* [The task]: Find the line that contains "第二部分是组织党员教师共唱歌". Copy it and every line after it to the end of the material below, exactly, with no pictures.

* [Information shown]:
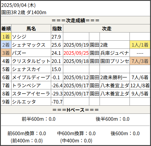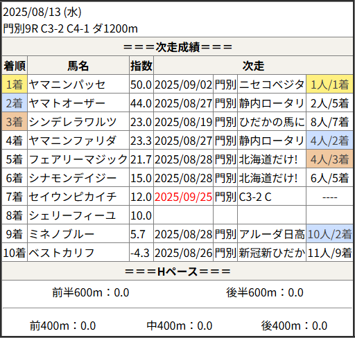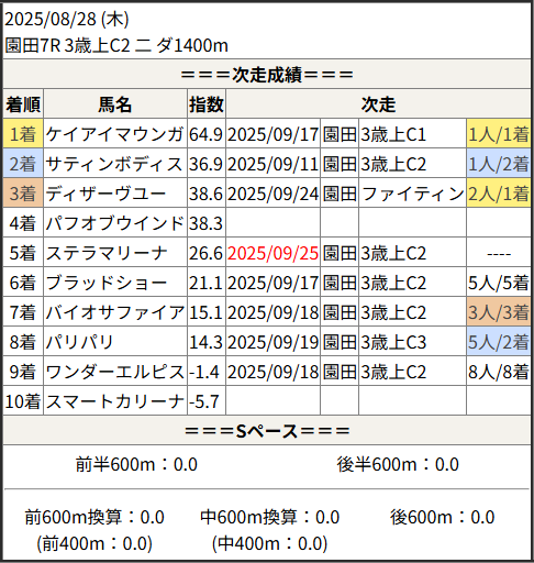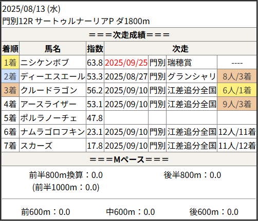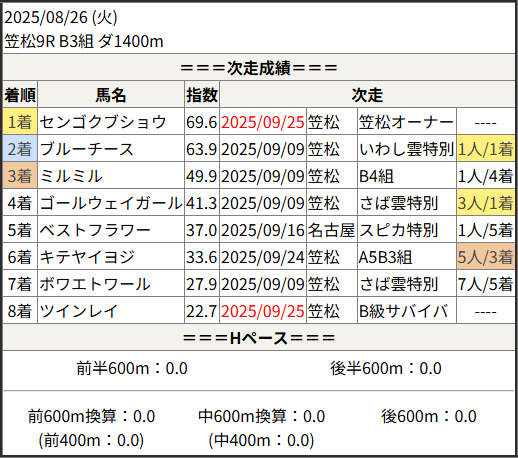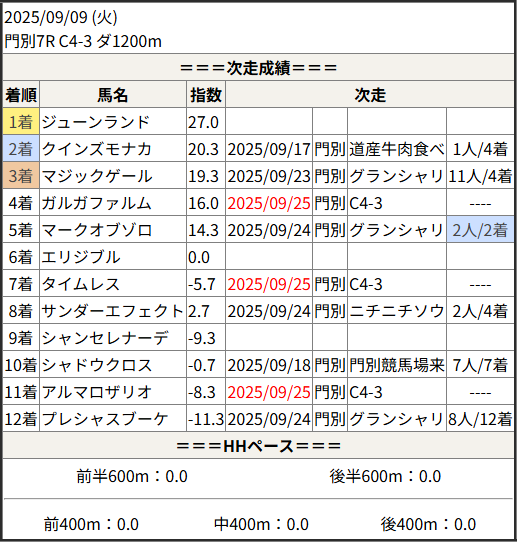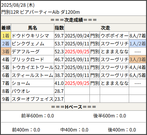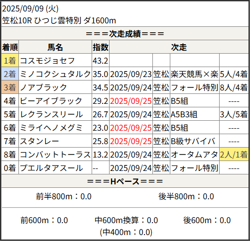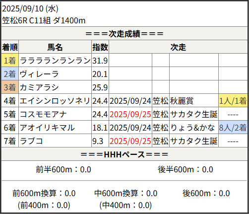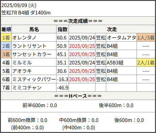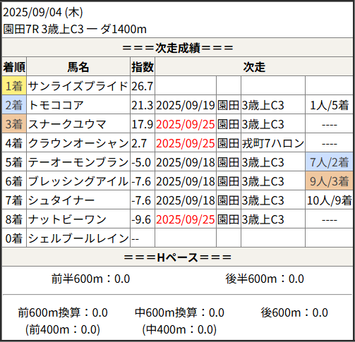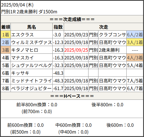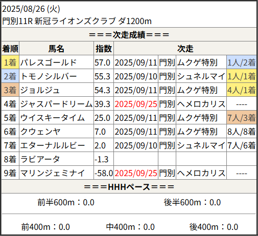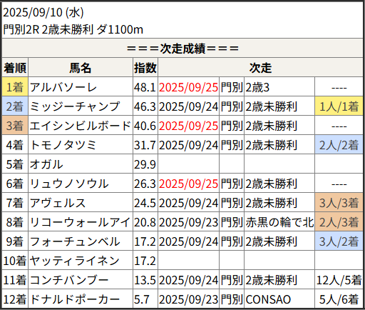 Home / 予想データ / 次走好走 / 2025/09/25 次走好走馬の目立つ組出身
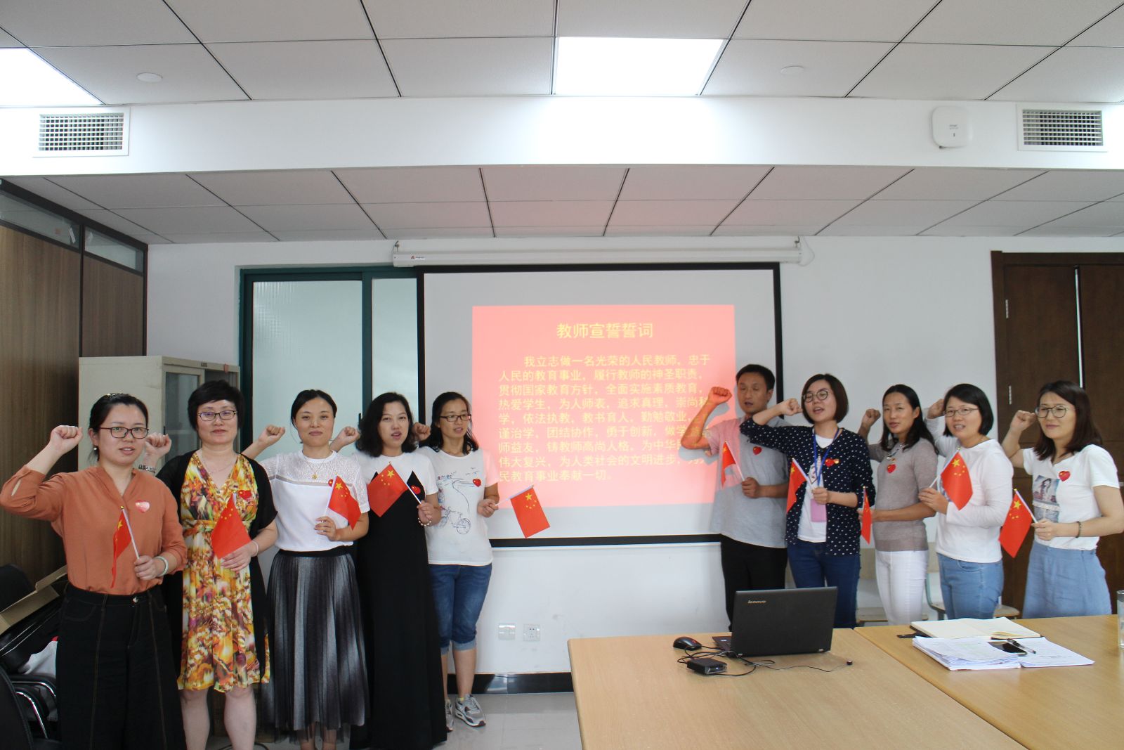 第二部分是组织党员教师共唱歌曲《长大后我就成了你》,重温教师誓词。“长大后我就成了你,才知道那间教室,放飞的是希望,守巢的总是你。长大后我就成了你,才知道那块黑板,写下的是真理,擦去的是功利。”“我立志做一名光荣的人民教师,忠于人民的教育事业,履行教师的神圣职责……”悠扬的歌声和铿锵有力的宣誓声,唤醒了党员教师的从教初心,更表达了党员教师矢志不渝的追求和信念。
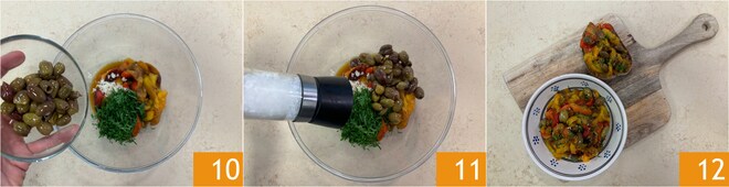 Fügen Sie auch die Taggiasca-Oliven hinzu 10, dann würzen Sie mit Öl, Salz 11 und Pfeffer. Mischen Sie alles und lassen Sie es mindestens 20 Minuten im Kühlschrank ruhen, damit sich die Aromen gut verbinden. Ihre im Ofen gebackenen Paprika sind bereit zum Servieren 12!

* [Exercise answer]:
 第二部分是组织党员教师共唱歌曲《长大后我就成了你》,重温教师誓词。“长大后我就成了你,才知道那间教室,放飞的是希望,守巢的总是你。长大后我就成了你,才知道那块黑板,写下的是真理,擦去的是功利。”“我立志做一名光荣的人民教师,忠于人民的教育事业,履行教师的神圣职责……”悠扬的歌声和铿锵有力的宣誓声,唤醒了党员教师的从教初心,更表达了党员教师矢志不渝的追求和信念。
 Fügen Sie auch die Taggiasca-Oliven hinzu 10, dann würzen Sie mit Öl, Salz 11 und Pfeffer. Mischen Sie alles und lassen Sie es mindestens 20 Minuten im Kühlschrank ruhen, damit sich die Aromen gut verbinden. Ihre im Ofen gebackenen Paprika sind bereit zum Servieren 12!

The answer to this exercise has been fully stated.